Hi, I have a VPN product for macOS. When activated, it creates a virtual interface that capture all outgoing traffic for the VPN. the VPN encrypt it, and send it to the tunnel gateway. The gateway then decapsulates the packet and forwards it to the original destination.
To achieve this, The vpn modifies the routing table with the following commands:
# after packets were encoded with the vpn protocol, re-send them through
# the physical interface
/sbin/route add -host <tunnel_gateway_address_in_physical_subnet> <default_gateway> -ifp en0 > /dev/null 2>&1
# remove the default rule for en0 and replace it with scoped rule
/sbin/route delete default <default_gateway> -ifp en0 > /dev/null 2>&1
/sbin/route add default <default_gateway> -ifscope en0 > /dev/null 2>&1
# create new rule for the virtual interface that will catch all packets
# for the vpn
/sbin/route add default <tunnel_gateway_address_in_tunnel_subnet> -ifp utunX > /dev/null 2>&1
This works in most cases. However, there are scenarios where the VPN process may crash, stop responding, or another VPN product may alter the routing table. When that happens, packets may no longer go out through the correct interface.
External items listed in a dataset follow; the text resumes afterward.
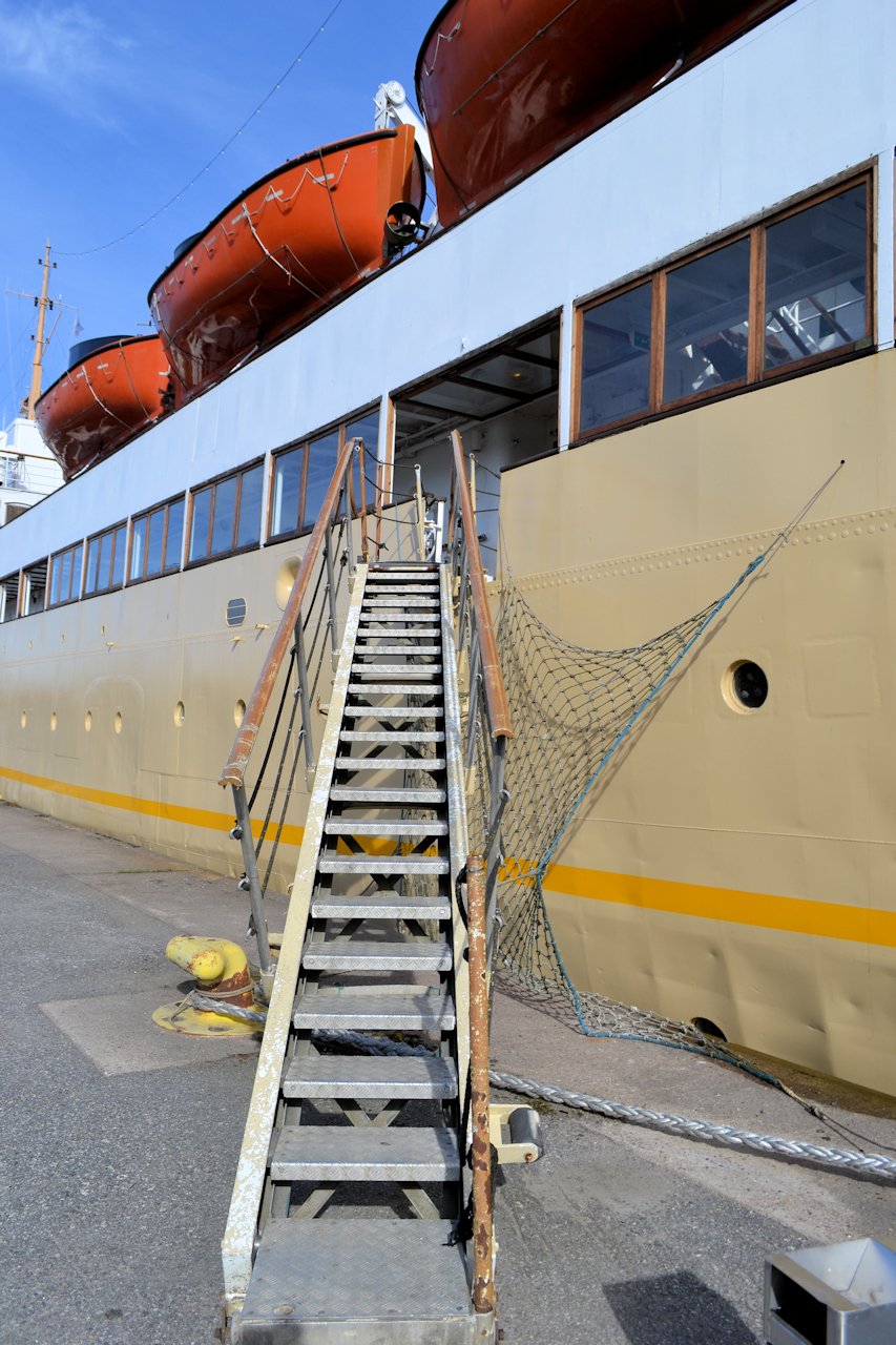 Poistuimme laivan takaportaita pitkin. Se olikin jonkin asteinen kokemus. Kapea portaikko, jonka jokainen askelma keinui. Onneksi oli tasapainohermot kunnossa.
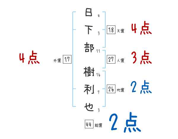 日下部樹利也さんの画数の鑑定結果
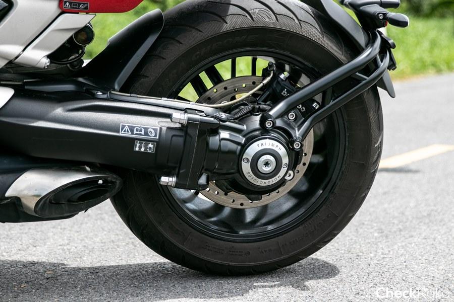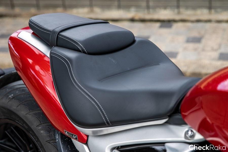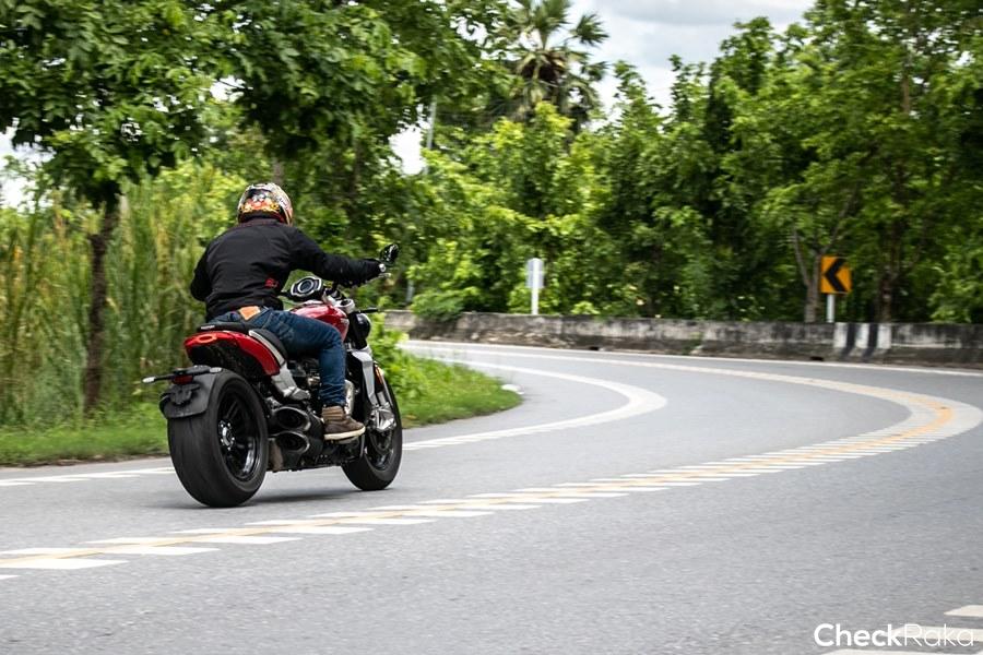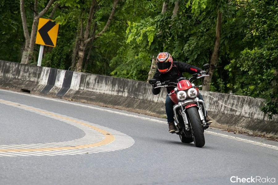 การขี่ด้วยความเร็วปานกลาง-สูง และการเปลี่ยนเลนไปมา ตัวรถห้สมดุลที่ดี ด้วยยางเอวอนสัญชาติอังกฤษ หน้ากว้าง 150/80 R17 หลัง 240/50 R16 ทำให้รู้สึกมั่นคงดีเหลือเกิน นอกจากนี้เบาะนั่งยังให้ความนุ่มสบายตลอดการขี่
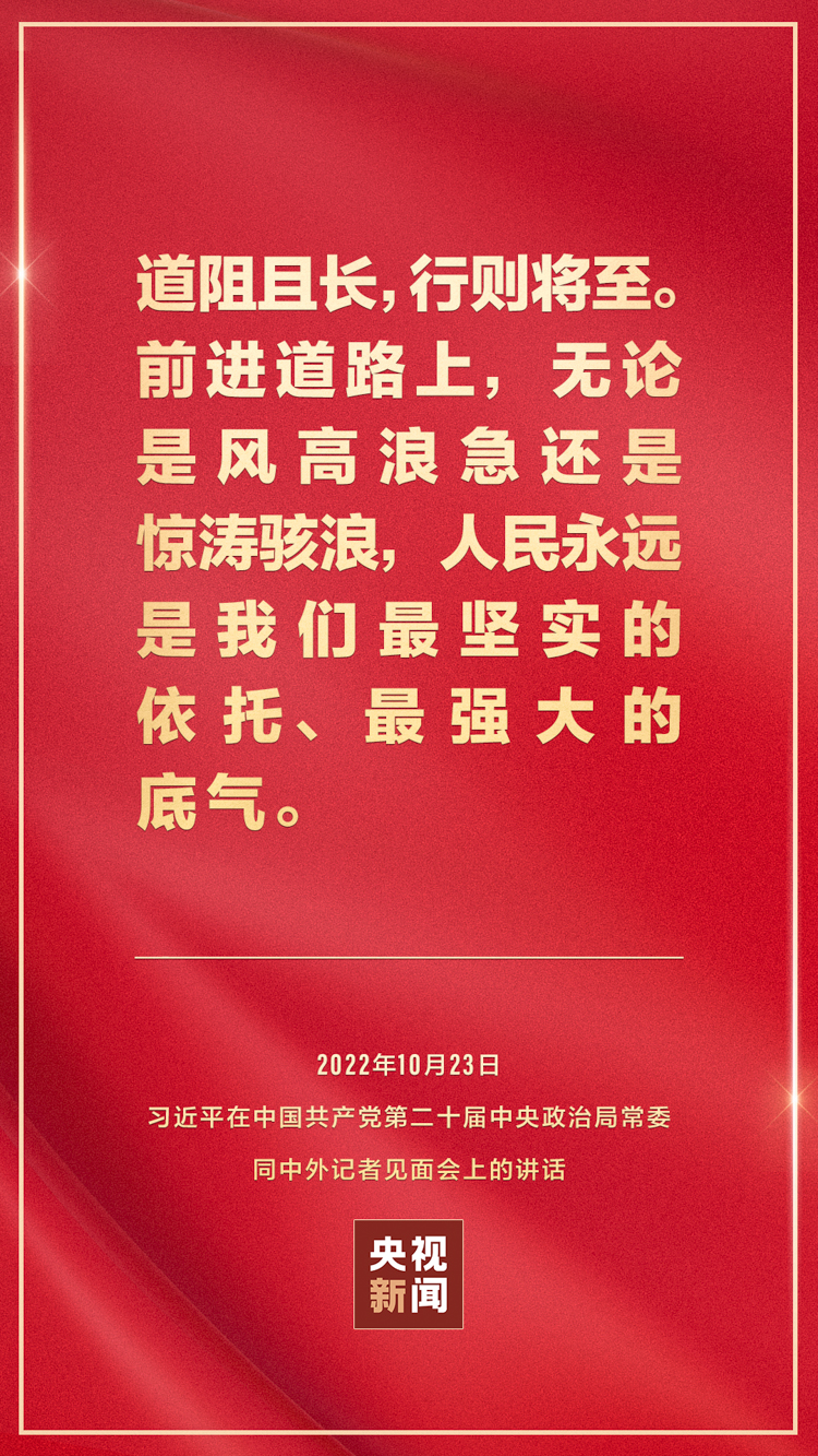 道阻且长,行则将至。前进道路上,无论是风高浪急还是惊涛骇浪,人民永远是我们最坚实的依托、最强大的底气。我们要始终与人民风雨同舟、与人民心心相印,想人民之所想,行人民之所嘱,不断把人民对美好生活的向往变为现实。
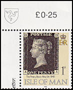 zweifarbige Briefmarke mit Anlagemarke "Oben" für das richtige Anlegen des Bogens mit grünem Unterdruck für den Bilddruck |
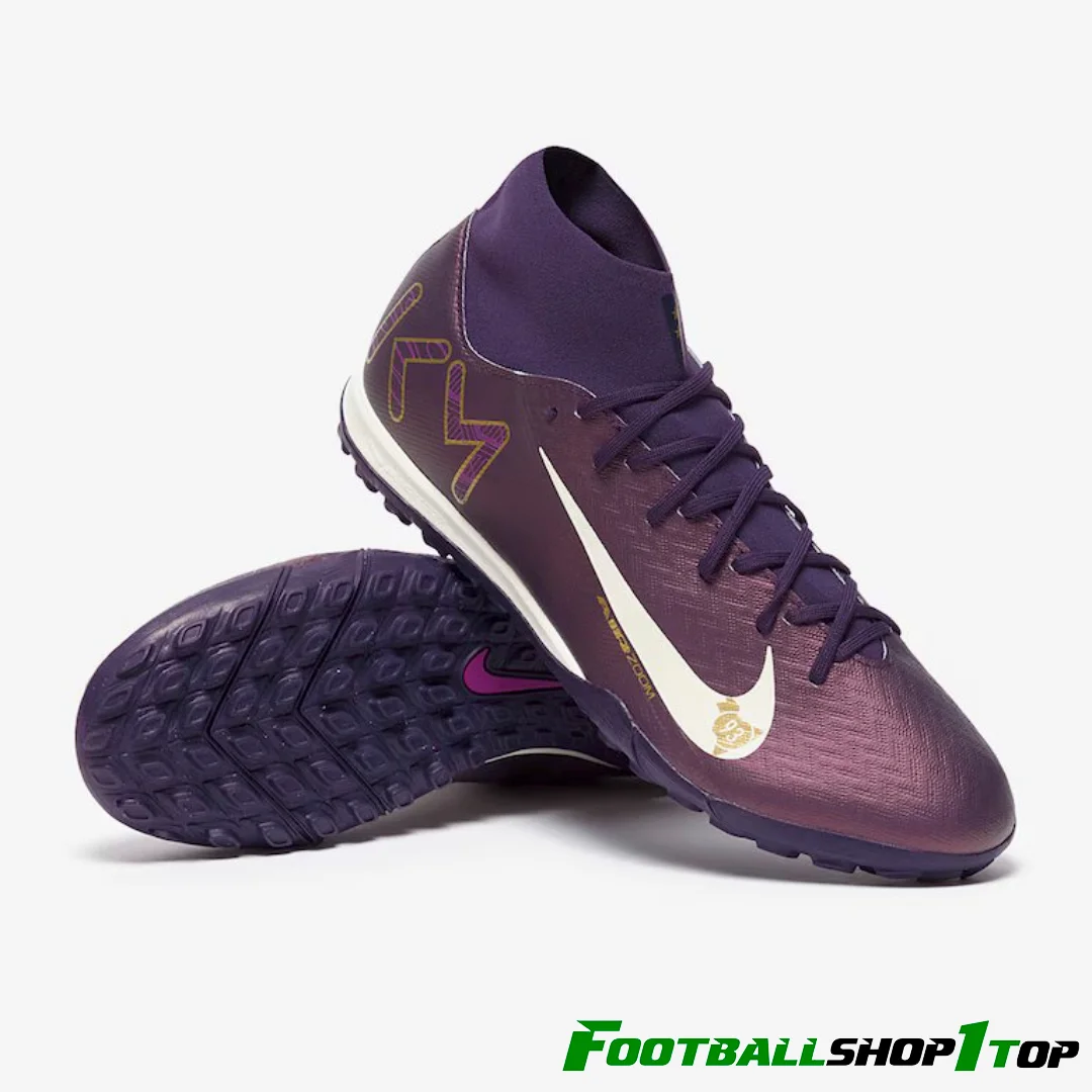Найвищий прояв швидкості. Станьте недоторканними на полі з футбольними черевиками Nike Air Zoom Mercurial Superfly 10 Academy x Mbappe TF. Коли ти такий же швидкий, як Кіліан, нереальне стає реальністю. Це фірмове видання стирає межі між світами за допомогою туманного цифрового друку та Swoosh, що змінює колір.
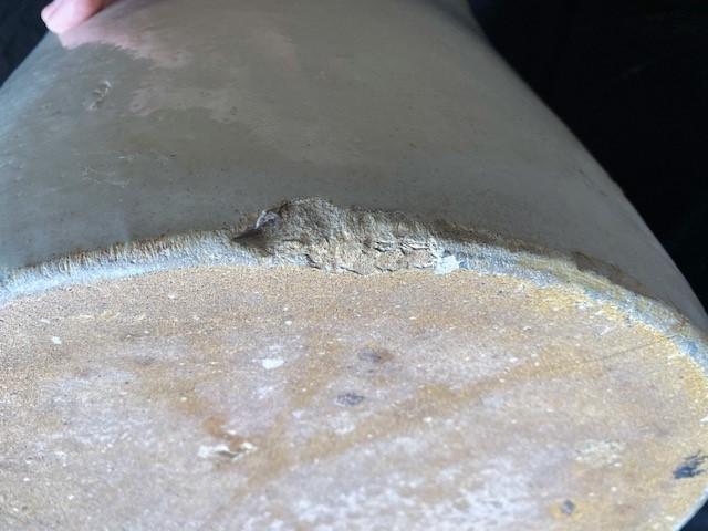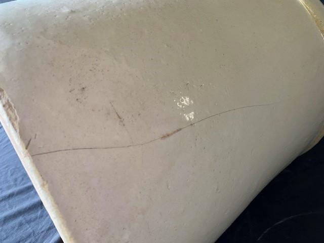 Chip on base (pictured). Appears to have a superficial crack on base. Measurement: 16 1/2"H x 15"dia
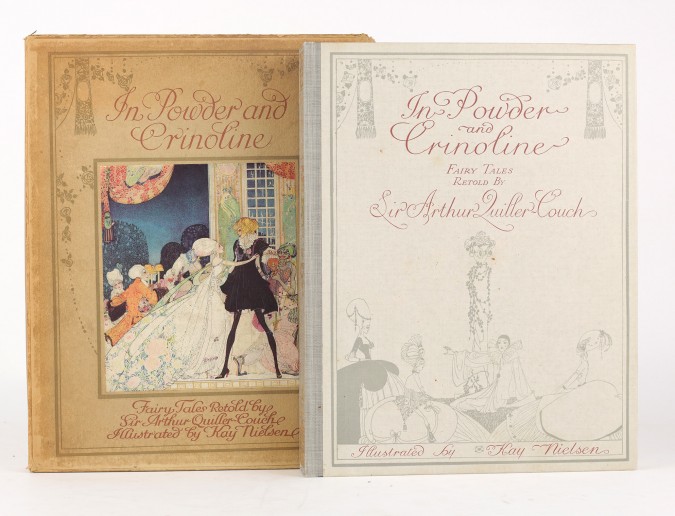 Nielsen illustrated four major gift books, the first of which In Powder and Crinoline was published in time for the Christmas gift market of 1913. It was issued in two formats; a sumptuous Edition de Luxe, bound in green vellum with gilt embossed decoration and signed by Nielsen.
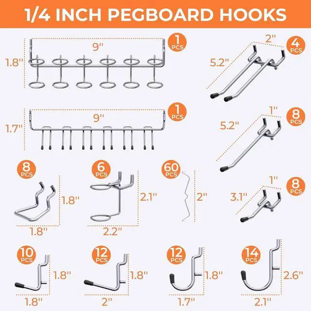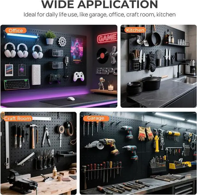 WIDE APPLICATION: This peg board organizer is ideal for storage solutions on a wide range of garage, workbench, workshop, kitchen, shop, school, tool sheds, factory, or warehouse. And the pegboard tool holders could be arranged in a compact style, save more space and get effortless accessible for a variety of small hardware or tool
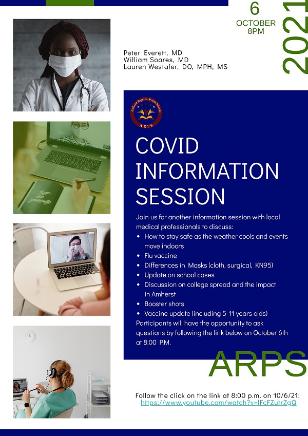 On Wednesday, the District hosted an information session on topics related to COVID-19 and vaccinations with Peter Everett, MD; William Soares, MD; and Lauren Westafer, DO, MPH, MS. We appreciate these local medical professionals taking time from their busy schedules to share their expertise and answer questions from our families and staff members. For those who were unable to attend, the taped session is available for viewing at https://www.youtube.com/watch?v=lFcFZutrZgQ. As a reminder, we also shared information this week on how families can provide consent for their children to participate in COVID testing at school. The link is https://www.cic-health.com/consent/ma?district=Amherst-Pelham for anyone who still wishes to sign up. For questions about the testing program or signing up, please reach out to your school nurse.
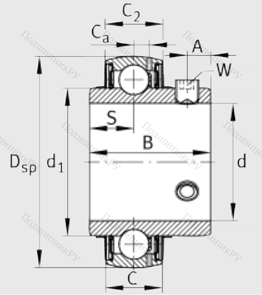 Радиальное шариковое однорядное тело, размещающееся в чугунном корпусе с парой усиливающих колец и внутренней шиной увеличенной ширины. Наружная обойма – сферической либо цилиндрической формы. Для гашения вибраций и шумности может устанавливаться наружное резиновое демпфирующее усиление.
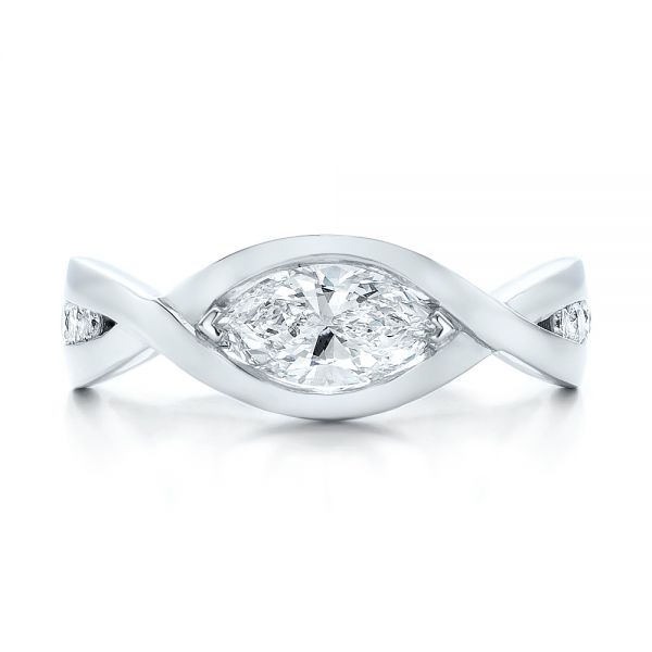 This elegant engagement ring features a marquise shaped diamond chevron set in a white gold criss-cross shank, with additional diamond accents on the sides. The design was developed for a client from Union, NJ, who initially used our Ring Builder program to share his feature and style preferences with our team.
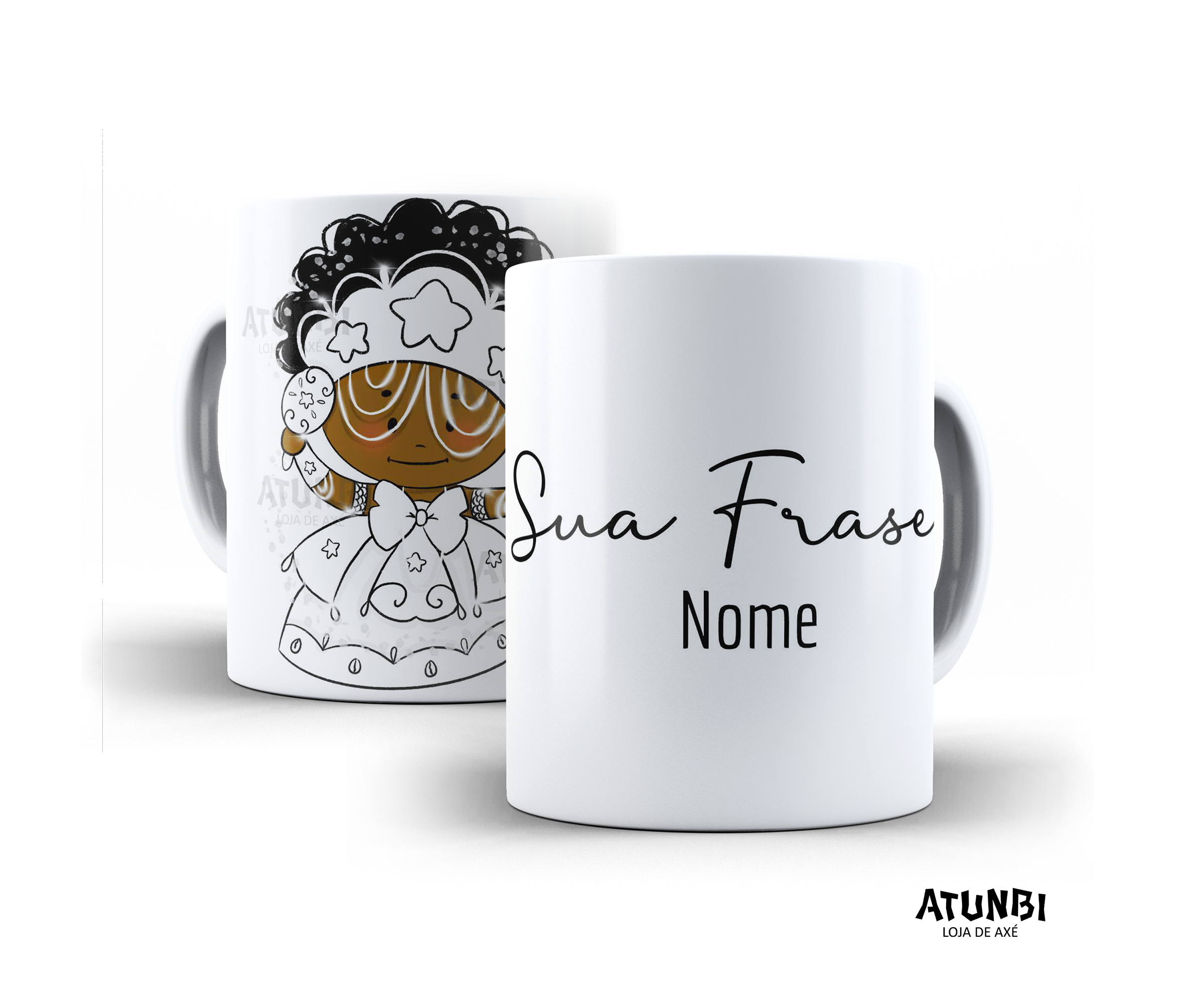 Caneca cerâmica 325ml branca estampada (sublimada) diretamente no produto.

Question: Is there a way to reliably reconstruct the routing table from scratch in such scenarios? Ideally, I would like to rebuild the baseline rules for the physical interface (e.g., en0) and then reapply the VPN-specific rules on top. Are there APIs, system utilities, or best practices in macOS for restoring the original routing configuration before reapplying custom VPN routes?
Thanks
I have a VPN product for macOS.
It sounds like your VPN product isn’t based on the Network Extension (NE) provider architecture. Is that right?
If so, there’s not much I can do to help you out here. On macOS the routing table is ‘owned’ by system infrastructure. You can’t safely modify it behind the system’s back. If you do, you’ll run into all sorts of weird problems.
This has been true since the dawn of Mac OS X but, historically, you had to bend the rules to create a VPN product. That’s not been the case since we introduced support for NE providers back in macOS 10.11. At that point DTS stopped supported such shenanigans; we now only support VPN products based on the NE provider architecture.
This year at WWDC the NE team went out of their way to clarify their position on this. See WWDC 2025 Session 234 Filter and tunnel network traffic with NetworkExtension, starting at 7:26.
Oh, and if you are using an NE provider and NE is failing to restore the routine table properly, please do let me know. That should just happen automatically.